Changes are imminent, and as the fog lifts, the impacts on the Bitcoin price, the fate of Bitcoin ETFs, and the broader adoption by other asset management firms will become clear. Until then, it's a wait and watch for all stakeholders involved.

Frequently Asked Questions

Q: What is a Bitcoin Exchange-Traded Fund (ETF)?

A: A Bitcoin ETF is a type of investment fund and exchange-traded product. It tracks the price of Bitcoin and can be bought and sold on traditional market exchanges. This permits investors to gain exposure to Bitcoin without having to directly purchase the cryptocurrency. 

Q: What impact can Fidelity's Bitcoin ETF filing have on the market?

A: Fidelity's Bitcoin ETF filing can potentially signal growing institutional interest, leading to potential shifts in SEC's stance on Bitcoin ETFs. This could result in increased market liquidity, volatility, and price swings. Also, it could contribute to legitimizing Bitcoin as an asset class.

Q: How will the approval of a Bitcoin ETF affect Grayscale Bitcoin Trust (GBTC)?

A: The approval of a Bitcoin ETF can positively impact GBTC. It raises hopes of GBTC's conversion into an ETF and possibly leads to the elimination of the discount at which GBTC historically trades. A successful conversion could increase Grayscale’s appeal and enhance Bitcoin adoption.
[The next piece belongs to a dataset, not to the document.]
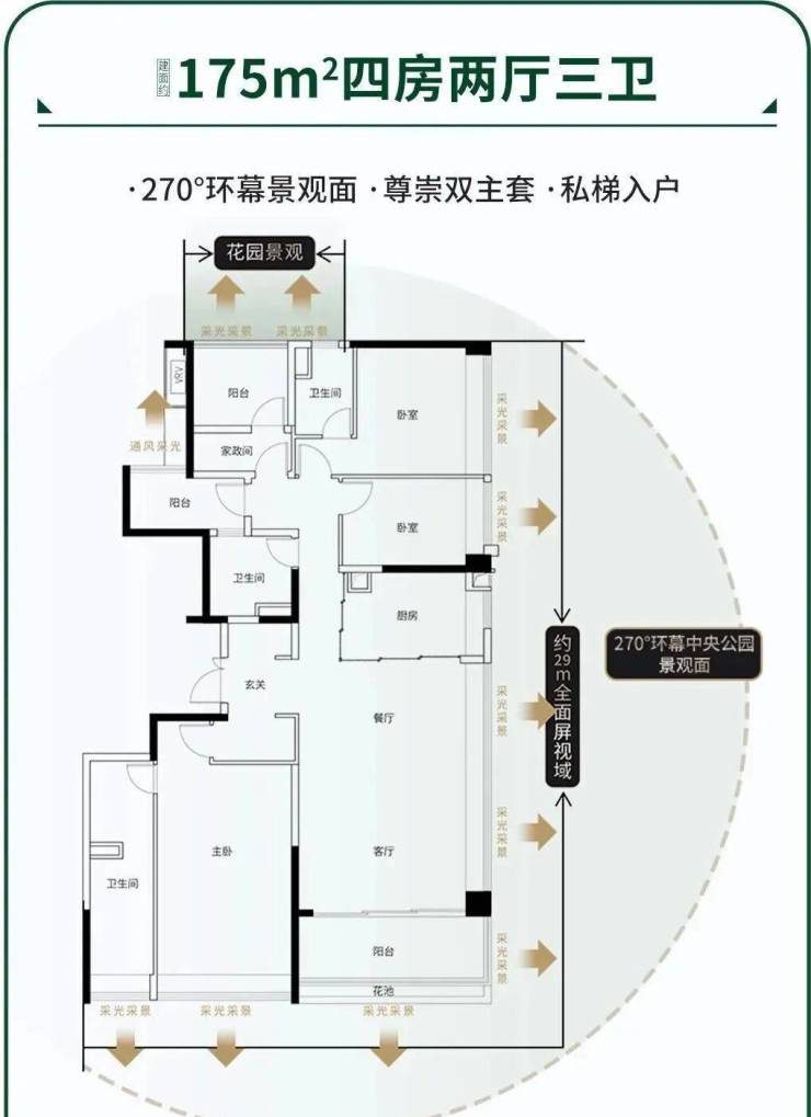建面175平四房三卫,270度全面边厅设计,公园景观面大道29米

Q: Why are traditional finance institutions interested in cryptocurrencies?

A: Traditional financial institutions are interested in cryptocurrencies because of their potential for high returns, despite their volatility. They can also serve as a hedge against inflation and market instability. Moreover, the growing acceptance and use of cryptocurrencies highlight their potential as a new, valid asset class.
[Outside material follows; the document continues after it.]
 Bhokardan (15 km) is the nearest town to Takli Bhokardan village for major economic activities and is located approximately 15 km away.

Q: What could be the implications if Grayscale wins its lawsuit against the SEC?

A: Grayscale securing a win against the SEC could have major implications for the crypto industry. It could potentially pave the way for the conversion of GBTC into a Bitcoin ETF, possibly influencing the SEC's decisions on future Bitcoin ETF applications. This, in turn, could accelerate institutional adoption of cryptocurrencies.


The interplay between institutional giants like Fidelity and BlackRock and cryptocurrency markets reflects an evolving socio-economic landscape. Events like the potential launch of a Bitcoin ETF can significantly shape the future of digital currencies. Undeniably, the Bitcoin ETF race, the growing institutional interest, and anticipated regulatory clarity are sure to have far-reaching implications. 

As we observe the unfolding scenario, one thing remains clear: the nexus between traditional finance and cryptocurrencies is not only inevitable, it's already here.

This article has been refined and enhanced by ChatGPT.